{ dildo-architecture }

 

The notion of prosthesis is crucial for developping an understanding of the role of architecture as a multiplier of (gendered) ideology. As Paul B. Preciado argues, hegemonic masculinity is prosthetic: it is a symbolic yet material, and ideologized add-on, a dildo, operating on a multiscalar yet monolingual language that only speaks ‘to reproduce itself’ from body to territory. ‘The dildo-building as structure is the only model upon which the development of the erect urban skeleton has been developed’, he argues. Indeed, he signals ‘dildoarchitecture’ as foundational practice of patriarchal societies:

“The city has a man’s body. In the city, buildings are also masculine bodies, dildo-structures reclaiming the power of the phallus in specific enclaves. The dildo-building is the empirical reinscription of phallic trascendental power in social urban space. Whether it is an industry, a home, or a ministry, every building is a sacrament of the heterosexual institution of the reproduction of love-power”.
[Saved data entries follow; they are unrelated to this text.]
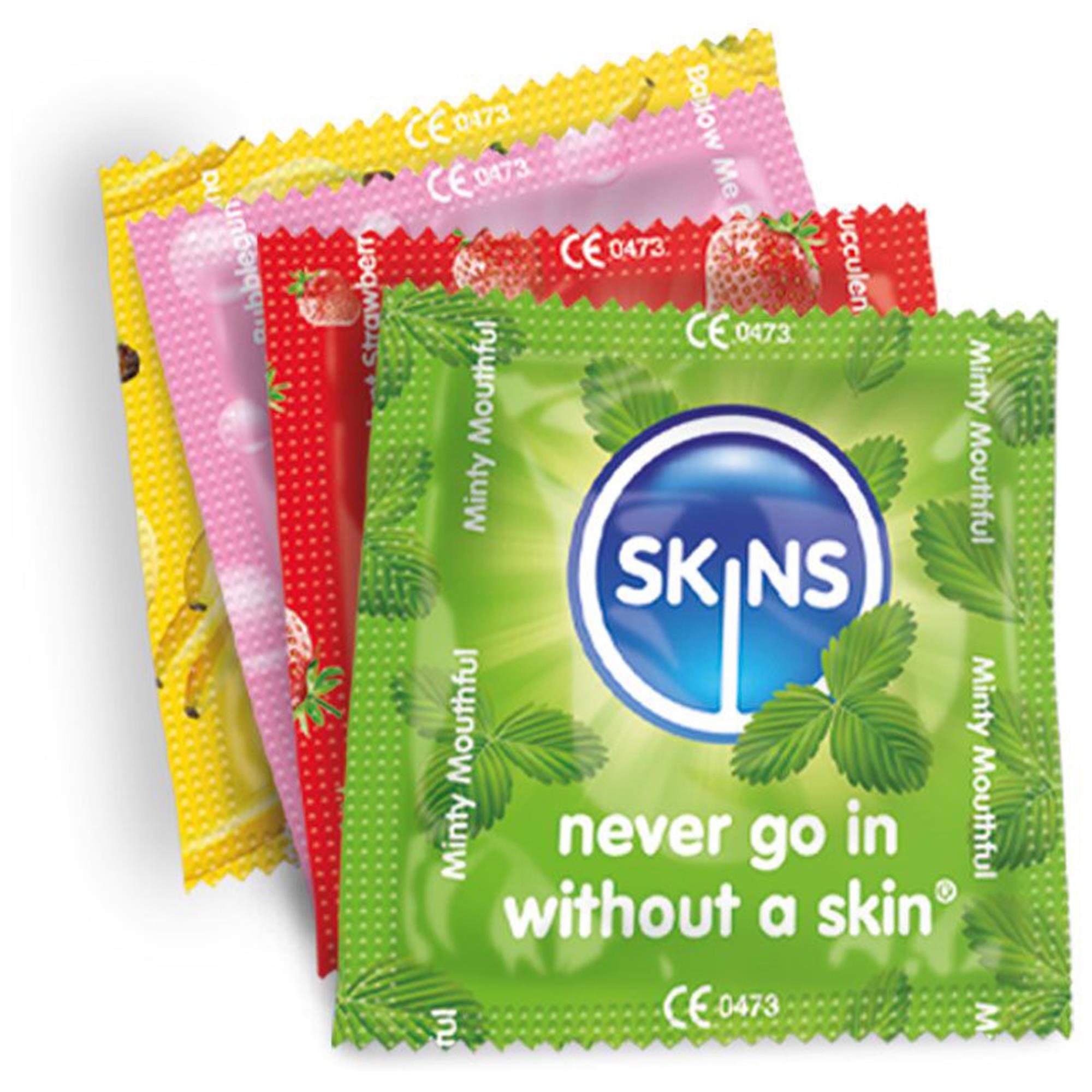 Hvad gør Skins Condoms Flavours 12-pack speciel? Denne pakke med premiumkondomer har en kombination af smage, så du kan finde din favorit og sætte et mere delikat præg på dit sexliv. Kondomerne har smag af banan, tyggegummi, mynte og jordbær – det gør, at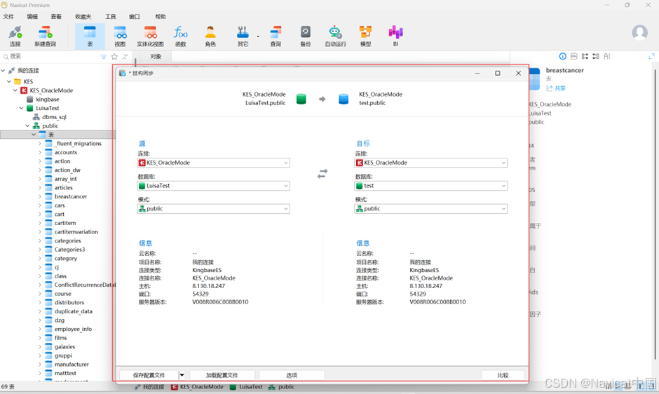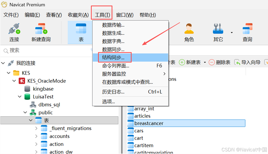 Navicat 让你以详细分析的进程比较和修改表的结构和其他对象。换句话说,Navicat 能比较两个数据库之间的对象并显示其结构的差异处。若要打开结构同步窗口,请从菜单栏选择“工具”->“结构同步”。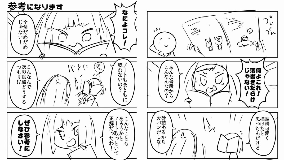 Also, the door part has changed from the initial plan. On the left, it is a picture that can be understood as an episode to study, which is also interesting, but on the right, it is a picture that carries out the 'penalty with sand on the bag' in the upper frame regardless of study. When 'blurring' in manga, it is difficult to convey the fun with just the text, so it is an important idea to add an image picture to make the picture interesting.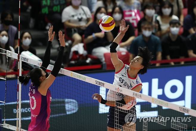 (순천=연합뉴스) 정회성 기자 = 17일 전남 순천시 팔마체육관에서 열린 2022 순천·도드람컵 프로배구대회 여자부 조별예선 흥국생명과 GS칼텍스의 경기. 4세트 GS칼텍스 문지윤의 공격을 흥국생명 김연경이 수비하고 있다. 2022.8.17

The prosthetic logic of architectures of power and its relationship to the body politic of hegemonic masculinity is intensified to the extreme in Spatrisano’s building. The building operates in the manner of a giant dildo in public space, much in the spirit graphically embodied in contemporary buildings like London’s 30 St Mary Axe, commonly known as ‘The Gherkin’ or Barcelona’s Torre Glòries: they all produce an urban, prosthetic masculinity, a social apparatus reassuring and re-establishing the material exploitation of one sex over the other in such a way that the sheer genitality and nature of this imagery is completely naturalised and thus, paradoxically invisible.